===== Data extract =====

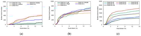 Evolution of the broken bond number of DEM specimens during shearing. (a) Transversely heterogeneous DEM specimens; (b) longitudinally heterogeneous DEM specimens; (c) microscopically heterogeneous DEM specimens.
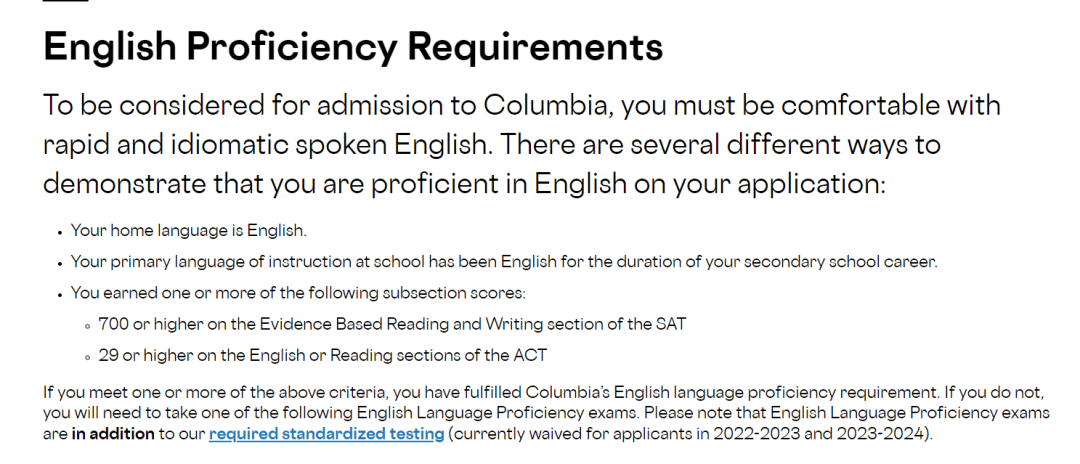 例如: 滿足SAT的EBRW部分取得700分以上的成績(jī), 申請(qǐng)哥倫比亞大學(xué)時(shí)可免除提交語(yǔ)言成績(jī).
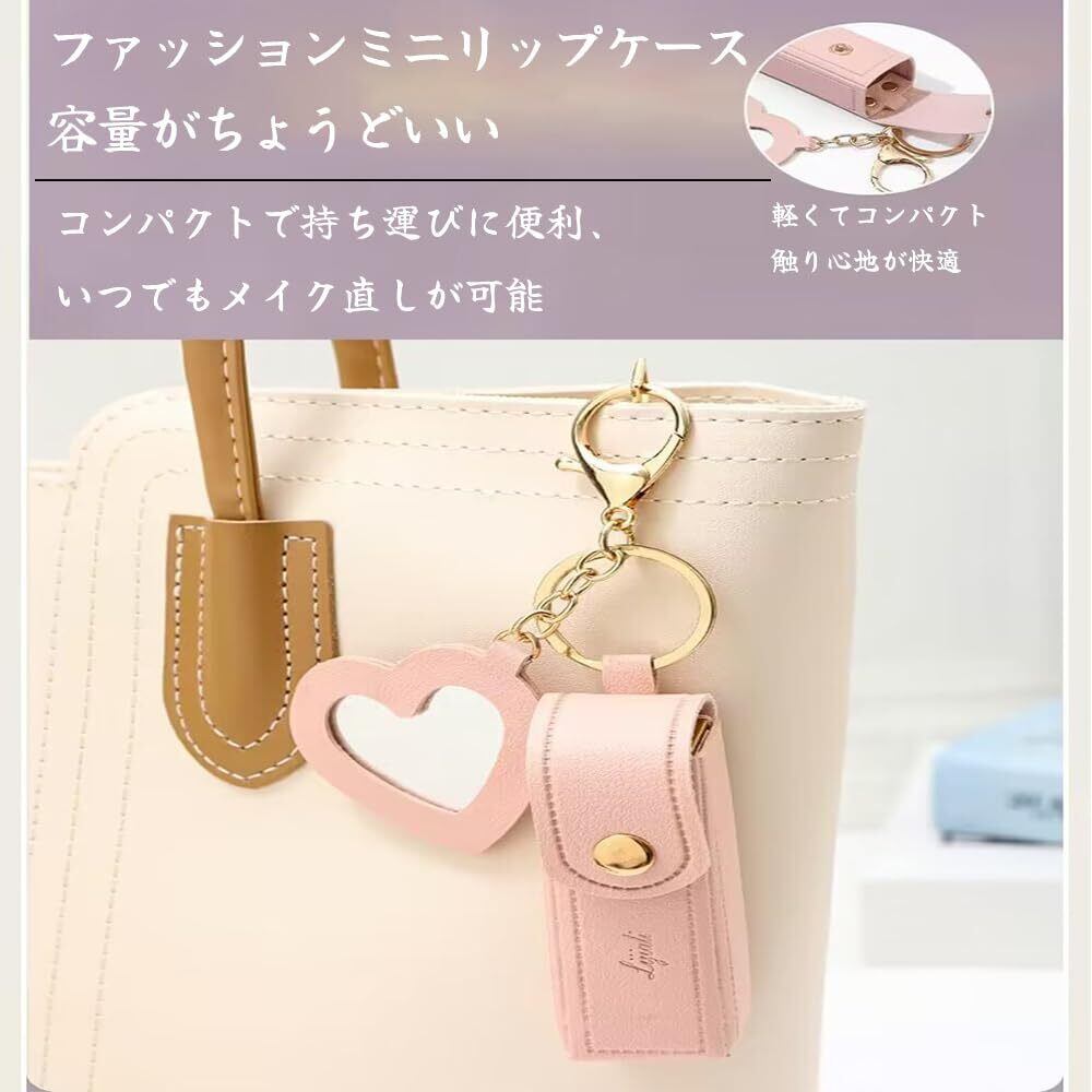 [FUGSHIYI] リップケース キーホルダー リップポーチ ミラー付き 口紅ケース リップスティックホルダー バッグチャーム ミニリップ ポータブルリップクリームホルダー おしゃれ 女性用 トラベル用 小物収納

=====

### [Directions]
A faithful copy of all the lines above is needed, with the pictures omitted.

### [Solution]
 Evolution of the broken bond number of DEM specimens during shearing. (a) Transversely heterogeneous DEM specimens; (b) longitudinally heterogeneous DEM specimens; (c) microscopically heterogeneous DEM specimens.
 例如: 滿足SAT的EBRW部分取得700分以上的成績(jī), 申請(qǐng)哥倫比亞大學(xué)時(shí)可免除提交語(yǔ)言成績(jī).
 [FUGSHIYI] リップケース キーホルダー リップポーチ ミラー付き 口紅ケース リップスティックホルダー バッグチャーム ミニリップ ポータブルリップクリームホルダー おしゃれ 女性用 トラベル用 小物収納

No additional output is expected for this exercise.